TextClassificationWithModel

class hana_ml.text.tm.TextClassificationWithModel(language=None, enable_stopwords=True, keep_numeric=None, allowed_list=None, notallowed_list=None)

Text classification class. This class enables us to train an RDT classifier for TF-IDF vectorized text data firstly and then apply it for inference.

Parameters:

languagestr, optional

Specify the language type. HANA cloud instance currently supports 'EN', 'DE', 'ES', 'FR', 'RU', 'PT'. If None, auto detection will be applied.

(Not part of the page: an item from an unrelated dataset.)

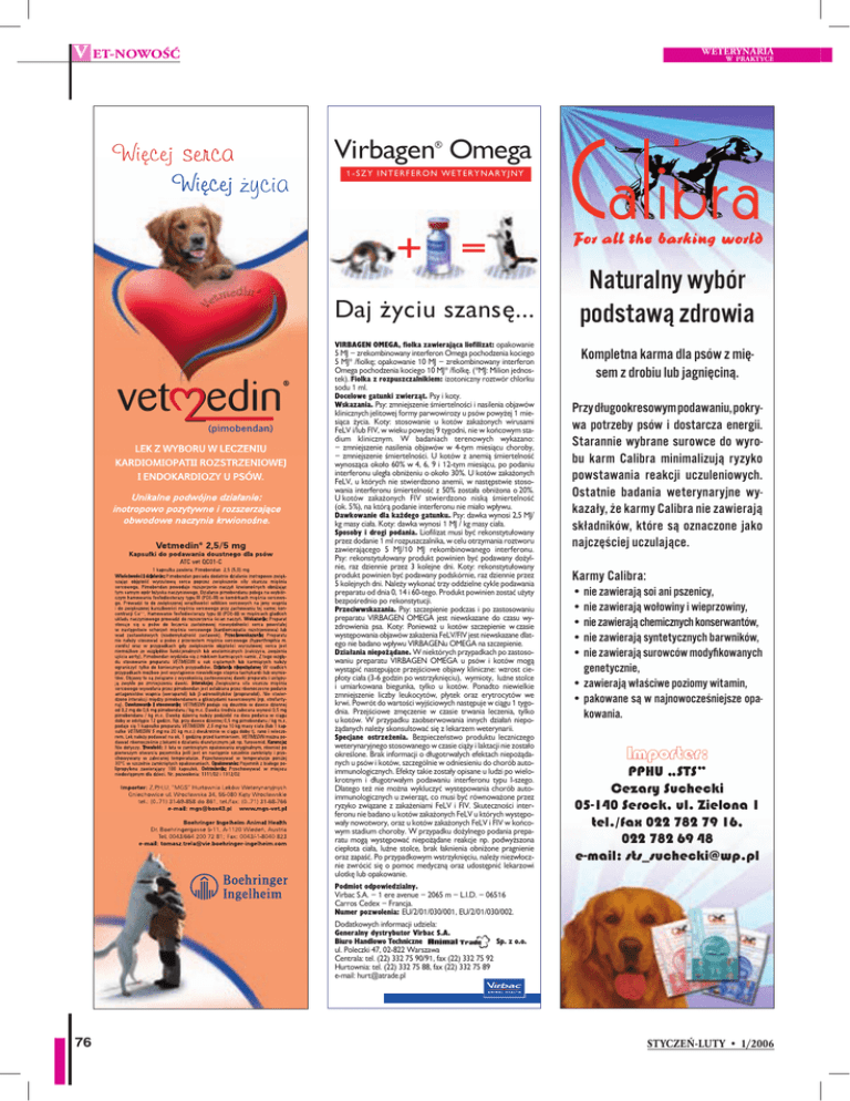 V ET-NOWOŚĆ WETERYNARIA W PRAKTYCE Virbagen Omega ® 1-SZY INTERFERON WETERYNARYJNY + = Daj życiu szansę... VIRBAGEN OMEGA, fiolka zawierająca liofilizat: opakowanie 5 MJ − zrekombinowany interferon Omega pochodzenia kociego 5 MJ* /fiolkę; opakowanie 10 MJ − zrekombinowany interferon Omega pochodzenia kociego 10 MJ* /fiolkę. (*MJ: Milion jednostek). Fiolka z rozpuszczalnikiem: izotoniczny roztwór chlorku sodu 1 ml. Docelowe gatunki zwierząt. Psy i koty. Wskazania. Psy: zmniejszenie śmiertelności i nasilenia objawów klinicznych jelitowej formy parwowirozy u psów powyżej 1 miesiąca życia. Koty: stosowanie u kotów zakażonych wirusami FeLV i/lub FIV, w wieku powyżej 9 tygodni, nie w końcowym stadium klinicznym. W badaniach terenowych wykazano: − zmniejszenie nasilenia objawów w 4-tym miesiącu choroby, − zmniejszenie śmiertelności. U kotów z anemią śmiertelność wynosząca około 60% w 4, 6, 9 i 12-tym miesiącu, po podaniu interferonu uległa obniżeniu o około 30%. U kotów zakażonych FeLV, u których nie stwierdzono anemii, w następstwie stosowania interferonu śmiertelność z 50% została obniżona o 20%. U kotów zakażonych FIV stwierdzono niską śmiertelność (ok. 5%), na którą podanie interferonu nie miało wpływu. Dawkowanie dla każdego gatunku. Psy: dawka wynosi 2,5 MJ/ kg masy ciała. Koty: dawka wynosi 1 MJ / kg masy ciała. Sposoby i drogi podania. Liofilizat musi być rekonstytułowany przez dodanie 1 ml rozpuszczalnika, w celu otrzymania roztworu zawierającego 5 MJ/10 MJ rekombinowanego interferonu. Psy: rekonstytułowany produkt powinien być podawany dożylnie, raz dziennie przez 3 kolejne dni. Koty: rekonstytułowany produkt powinien być podawany podskórnie, raz dziennie przez 5 kolejnych dni. Należy wykonać trzy oddzielne cykle podawania preparatu od dnia 0, 14 i 60-tego. Produkt powinien zostać użyty bezpośrednio po rekonstytucji. Przeciwwskazania. Psy: szczepienie podczas i po zastosowaniu preparatu VIRBAGEN OMEGA jest niewskazane do czasu wyzdrowienia psa. Koty: Ponieważ u kotów szczepienie w czasie występowania objawów zakażenia FeLV/FIV jest niewskazane dlatego nie badano wpływu VIRBAGENu OMEGA na szczepienie. Działania niepożądane. W niektórych przypadkach po zastosowaniu preparatu VIRBAGEN OMEGA u psów i kotów mogą wystąpić następujące przejściowe objawy kliniczne: wzrost ciepłoty ciała (3-6 godzin po wstrzyknięciu), wymioty, luźne stolce i umiarkowana biegunka, tylko u kotów. Ponadto niewielkie zmniejszenie liczby leukocytów, płytek oraz erytrocytów we krwi. Powrót do wartości wyjściowych następuje w ciągu 1 tygodnia. Przejściowe zmęczenie w czasie trwania leczenia, tylko u kotów. W przypadku zaobserwowania innych działań niepożądanych należy skonsultować się z lekarzem weterynarii. Specjane ostrzeżenia. Bezpieczeństwo produktu leczniczego weterynaryjnego stosowanego w czasie ciąży i laktacji nie zostało określone. Brak informacji o długotrwałych efektach niepożądanych u psów i kotów, szczególnie w odniesieniu do chorób autoimmunologicznych. Efekty takie zostały opisane u ludzi po wielokrotnym i długotrwałym podawaniu interferonu typu I-szego. Dlatego też nie można wykluczyć występowania chorób autoimmunologicznych u zwierząt, co musi być równoważone przez ryzyko związane z zakażeniami FeLV i FIV. Skuteczności interferonu nie badano u kotów zakażonych FeLV u których występowały nowotwory, oraz u kotów zakażonych FeLV i FIV w końcowym stadium choroby. W przypadku dożylnego podania preparatu mogą występować niepożądane reakcje np. podwyższona ciepłota ciała, luźne stolce, brak łaknienia obniżone pragnienie oraz zapaść. Po przypadkowym wstrzyknięciu, należy niezwłocznie zwrócić się o pomoc medyczną oraz udostępnić lekarzowi ulotkę lub opakowanie. Naturalny wybór podstawą zdrowia Kompletna karma dla psów z mięsem z drobiu lub jagnięciną. Przy długookresowym podawaniu, pokrywa potrzeby psów i dostarcza energii. Starannie wybrane surowce do wyrobu karm Calibra minimalizują ryzyko powstawania reakcji uczuleniowych. Ostatnie badania weterynaryjne wykazały, że karmy Calibra nie zawierają składników, które są oznaczone jako najczęściej uczulające. Karmy Calibra: • nie zawierają soi ani pszenicy, • nie zawierają wołowiny i wieprzowiny, • nie zawierają chemicznych konserwantów, • nie zawierają syntetycznych barwników, • nie zawierają surowców modyfikowanych genetycznie, • zawierają właściwe poziomy witamin, • pakowane są w najnowocześniejsze opakowania. Importer: PPHU „STS” Cezary Suchecki 05-140 Serock, ul. Zielona 1 tel./fax 022 782 79 16, 022 782 69 48 e-mail: [email protected] Podmiot odpowiedzialny. Virbac S.A. − 1 ere avenue − 2065 m − L.I.D. − 06516 Carros Cedex − Francja. Numer pozwolenia: EU/2/01/030/001, EU/2/01/030/002. Dodatkowych informacji udziela: Generalny dystrybutor Virbac S.A. Biuro Handlowo Techniczne Sp. z o.o. ul. Poleczki 47, 02-822 Warszawa Centrala: tel. (22) 332 75 90/91, fax (22) 332 75 92 Hurtownia: tel. (22) 332 75 88, fax (22) 332 75 89 e-mail: [email protected] 76 STYCZEŃ-LUTY • 1/2006

Defaults to None (auto detection).

enable_stopwordsbool, optional

Determine whether to turn on stopwords.

Defaults to True.

keep_numericbool, optional

Determine whether to keep numbers.

Valid only when enable_stopwords is True.

Defaults to False.

allowed_listbool, optional

A list of words that are retained by the stopwords logic.

Valid only when enable_stopwords is True.

notallowed_listbool, optional

A list of words, which are recognized and deleted by the stopwords logic.

Valid only when enable_stopwords is True.

Examples

>>> tc = TextClassificationWithModel(enabel_stopwords=True)
>>> tc.fit(data=document_file_train_data)
>>> pred_res = tc.predict(data=document_file_test_data)

Methods

`fit`(data[, seed, thread_ratio])	Train the model.
`get_model_metrics`()	Get the model metrics.
`get_score_metrics`()	Get the score metrics.
`predict`(data[, rdt_top_n, thread_ratio])	Predict the model.

fit(data, seed=None, thread_ratio=None)

Train the model.

Parameters:

dataDataFrame

Input data, structured as follows:

1st column, ID.
2nd column, Document content.
3rd column, Document category.

seedint, optional

Specify the seed for random number generation.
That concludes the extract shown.